DATA LISTING below:
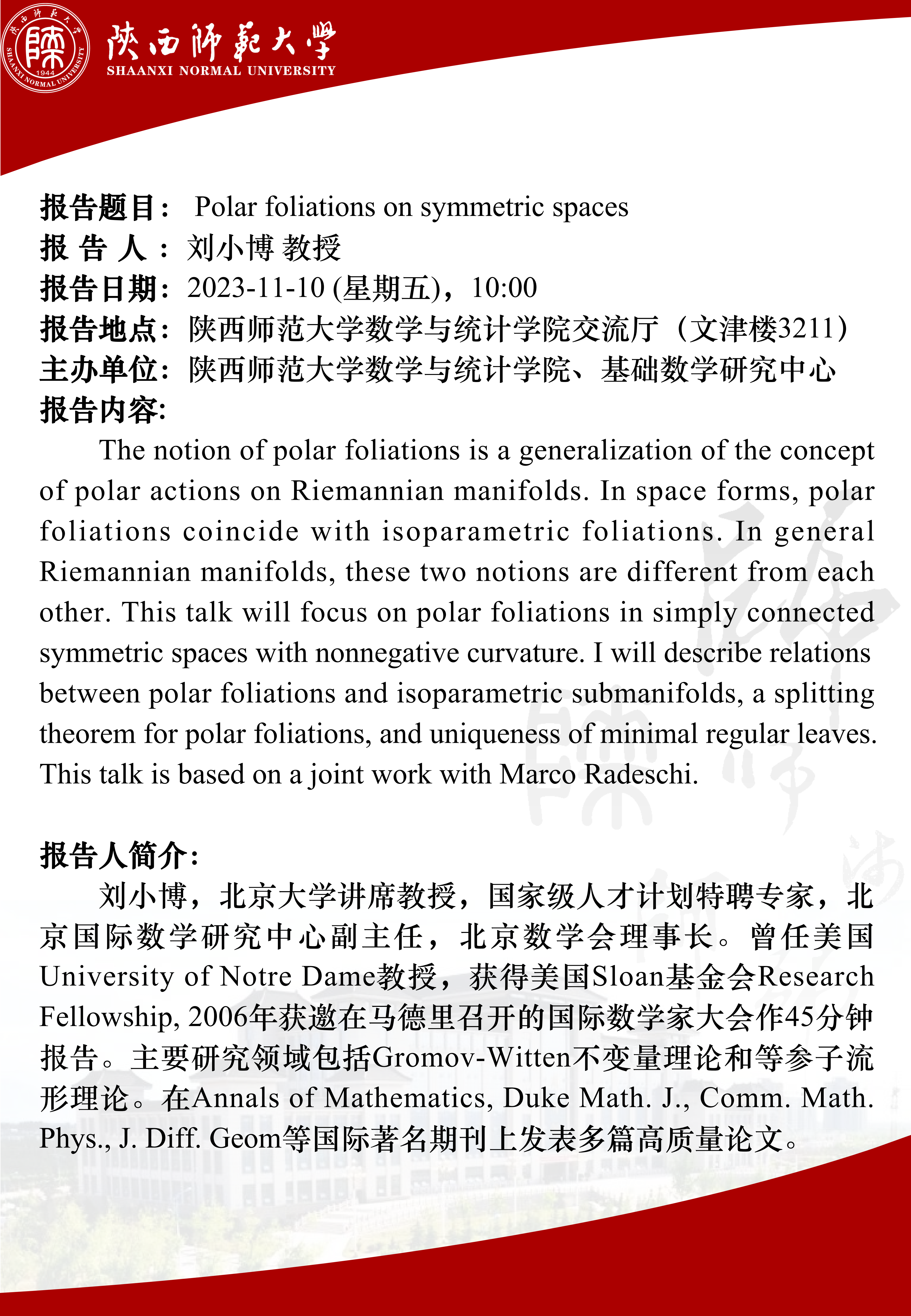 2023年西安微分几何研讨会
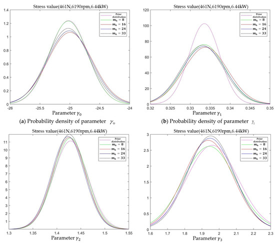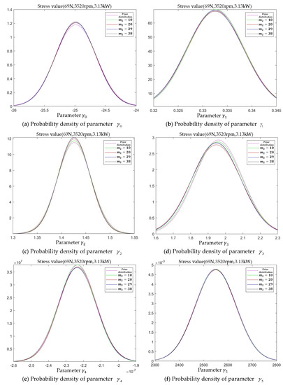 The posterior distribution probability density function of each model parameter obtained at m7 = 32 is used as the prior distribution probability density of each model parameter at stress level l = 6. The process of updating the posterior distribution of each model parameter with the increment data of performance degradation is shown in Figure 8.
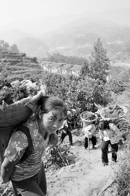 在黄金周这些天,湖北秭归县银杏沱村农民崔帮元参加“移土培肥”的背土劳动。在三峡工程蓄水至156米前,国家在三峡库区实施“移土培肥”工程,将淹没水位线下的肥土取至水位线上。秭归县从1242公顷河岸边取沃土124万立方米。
End of DATA LISTING.
DATA LISTING below:
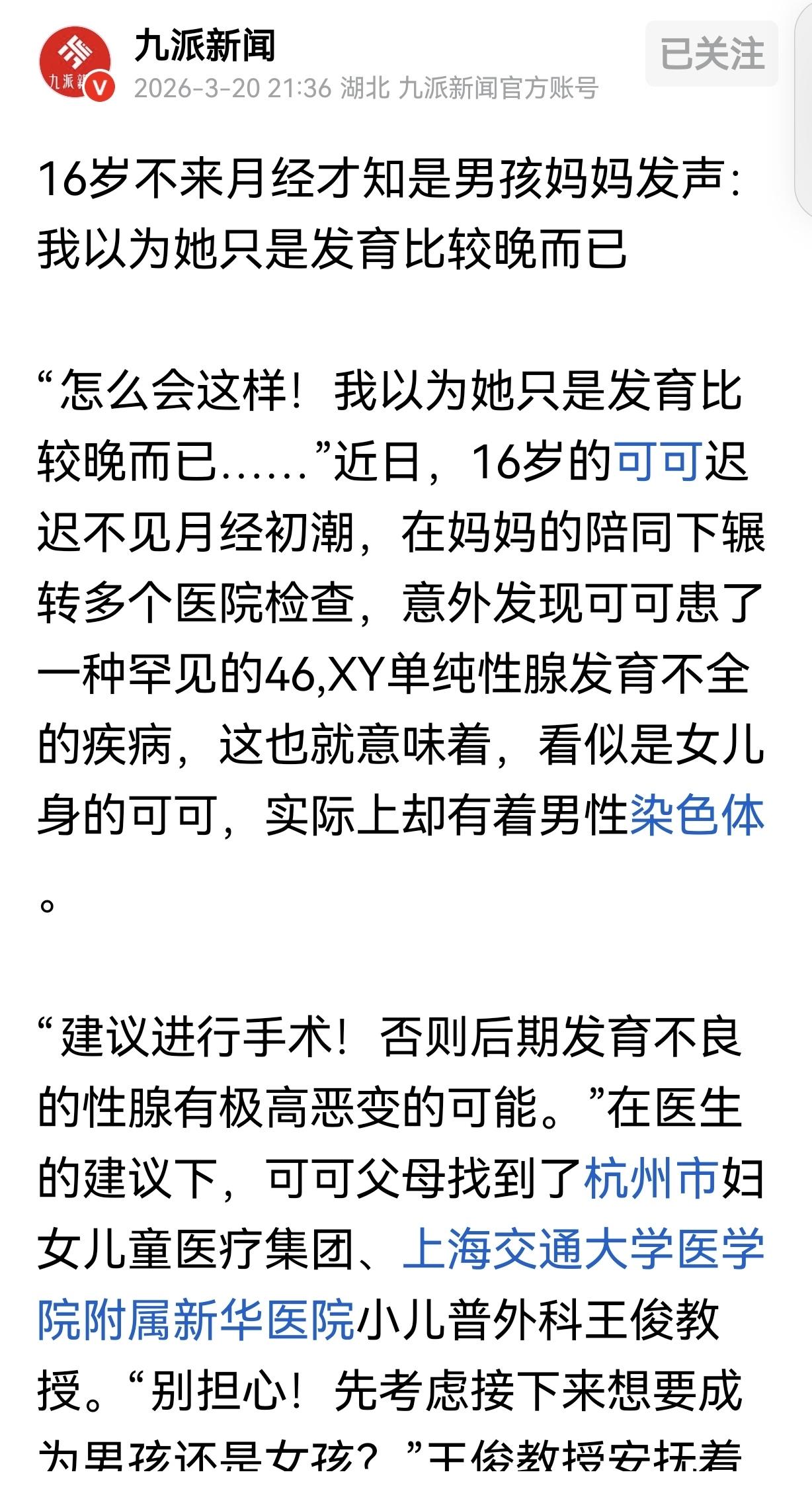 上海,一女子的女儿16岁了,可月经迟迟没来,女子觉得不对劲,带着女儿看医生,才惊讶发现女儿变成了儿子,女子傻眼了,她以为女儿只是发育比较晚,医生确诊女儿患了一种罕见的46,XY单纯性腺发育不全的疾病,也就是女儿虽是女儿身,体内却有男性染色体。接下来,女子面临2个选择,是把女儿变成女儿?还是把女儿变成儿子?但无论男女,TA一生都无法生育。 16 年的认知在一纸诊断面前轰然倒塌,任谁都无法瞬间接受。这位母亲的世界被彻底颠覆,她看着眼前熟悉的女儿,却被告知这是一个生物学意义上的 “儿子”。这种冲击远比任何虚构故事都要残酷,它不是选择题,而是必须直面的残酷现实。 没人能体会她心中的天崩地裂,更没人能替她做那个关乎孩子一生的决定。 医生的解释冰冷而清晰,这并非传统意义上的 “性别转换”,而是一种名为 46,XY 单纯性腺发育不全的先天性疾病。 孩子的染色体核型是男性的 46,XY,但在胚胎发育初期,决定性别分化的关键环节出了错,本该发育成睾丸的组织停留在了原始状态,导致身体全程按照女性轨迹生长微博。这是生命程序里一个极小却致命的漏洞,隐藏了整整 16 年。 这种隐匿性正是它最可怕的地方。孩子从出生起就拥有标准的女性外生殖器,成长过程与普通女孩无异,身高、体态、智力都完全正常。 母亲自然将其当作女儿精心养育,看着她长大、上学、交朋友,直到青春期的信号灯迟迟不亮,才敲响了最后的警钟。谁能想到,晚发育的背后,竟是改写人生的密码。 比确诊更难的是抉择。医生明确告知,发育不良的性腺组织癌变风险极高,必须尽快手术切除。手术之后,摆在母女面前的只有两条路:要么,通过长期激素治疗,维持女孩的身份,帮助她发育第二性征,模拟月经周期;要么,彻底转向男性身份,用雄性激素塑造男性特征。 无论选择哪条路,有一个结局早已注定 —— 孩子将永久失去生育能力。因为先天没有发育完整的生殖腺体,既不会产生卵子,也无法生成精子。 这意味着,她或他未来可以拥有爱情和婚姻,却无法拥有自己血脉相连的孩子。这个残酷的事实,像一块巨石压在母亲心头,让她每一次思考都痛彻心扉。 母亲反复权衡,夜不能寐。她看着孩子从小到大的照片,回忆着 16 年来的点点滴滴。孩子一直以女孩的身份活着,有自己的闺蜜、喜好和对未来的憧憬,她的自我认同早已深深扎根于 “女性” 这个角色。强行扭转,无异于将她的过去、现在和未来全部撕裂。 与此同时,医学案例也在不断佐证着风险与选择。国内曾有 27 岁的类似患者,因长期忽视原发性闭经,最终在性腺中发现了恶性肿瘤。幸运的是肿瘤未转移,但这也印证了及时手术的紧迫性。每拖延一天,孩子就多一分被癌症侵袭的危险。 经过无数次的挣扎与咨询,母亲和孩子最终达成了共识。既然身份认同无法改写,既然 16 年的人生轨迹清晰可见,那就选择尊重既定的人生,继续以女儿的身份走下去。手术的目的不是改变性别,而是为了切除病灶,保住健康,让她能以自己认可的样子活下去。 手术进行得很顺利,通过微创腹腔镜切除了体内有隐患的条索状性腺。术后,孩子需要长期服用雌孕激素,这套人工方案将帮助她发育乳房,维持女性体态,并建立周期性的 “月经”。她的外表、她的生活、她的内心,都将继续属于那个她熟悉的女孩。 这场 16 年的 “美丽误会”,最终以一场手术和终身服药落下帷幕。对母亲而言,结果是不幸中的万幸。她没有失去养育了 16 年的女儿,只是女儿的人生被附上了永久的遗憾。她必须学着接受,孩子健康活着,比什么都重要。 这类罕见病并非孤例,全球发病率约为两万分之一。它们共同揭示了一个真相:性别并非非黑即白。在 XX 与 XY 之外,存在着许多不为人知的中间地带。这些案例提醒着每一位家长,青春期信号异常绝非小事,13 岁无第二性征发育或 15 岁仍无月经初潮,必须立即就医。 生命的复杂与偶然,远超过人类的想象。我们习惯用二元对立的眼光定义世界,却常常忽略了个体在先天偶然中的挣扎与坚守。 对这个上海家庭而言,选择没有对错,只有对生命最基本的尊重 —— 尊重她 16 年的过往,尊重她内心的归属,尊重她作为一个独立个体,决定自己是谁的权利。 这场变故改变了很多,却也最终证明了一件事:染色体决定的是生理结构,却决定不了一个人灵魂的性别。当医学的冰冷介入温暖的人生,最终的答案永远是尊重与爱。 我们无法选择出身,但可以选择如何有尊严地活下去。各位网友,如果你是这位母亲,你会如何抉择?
End of DATA LISTING.
DATA LISTING below:
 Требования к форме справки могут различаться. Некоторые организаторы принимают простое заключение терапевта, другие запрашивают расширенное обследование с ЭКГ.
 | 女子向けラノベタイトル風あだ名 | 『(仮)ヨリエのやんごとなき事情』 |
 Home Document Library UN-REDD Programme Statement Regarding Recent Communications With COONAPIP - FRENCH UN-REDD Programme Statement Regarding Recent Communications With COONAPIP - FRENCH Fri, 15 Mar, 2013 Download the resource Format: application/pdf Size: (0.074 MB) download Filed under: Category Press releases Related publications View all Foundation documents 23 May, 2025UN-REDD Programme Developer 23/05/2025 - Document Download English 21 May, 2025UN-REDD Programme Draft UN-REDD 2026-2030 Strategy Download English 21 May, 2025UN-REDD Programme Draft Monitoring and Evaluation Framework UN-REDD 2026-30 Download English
End of DATA LISTING.
TASK DESCRIPTION:
In the data above, start at the line holding "The posterior distribution probability" and stop after the line holding "在黄金周这些天,湖北秭归县银"; write out those lines exactly, without pictures.

TASK SOLUTION:
 The posterior distribution probability density function of each model parameter obtained at m7 = 32 is used as the prior distribution probability density of each model parameter at stress level l = 6. The process of updating the posterior distribution of each model parameter with the increment data of performance degradation is shown in Figure 8.
 在黄金周这些天,湖北秭归县银杏沱村农民崔帮元参加“移土培肥”的背土劳动。在三峡工程蓄水至156米前,国家在三峡库区实施“移土培肥”工程,将淹没水位线下的肥土取至水位线上。秭归县从1242公顷河岸边取沃土124万立方米。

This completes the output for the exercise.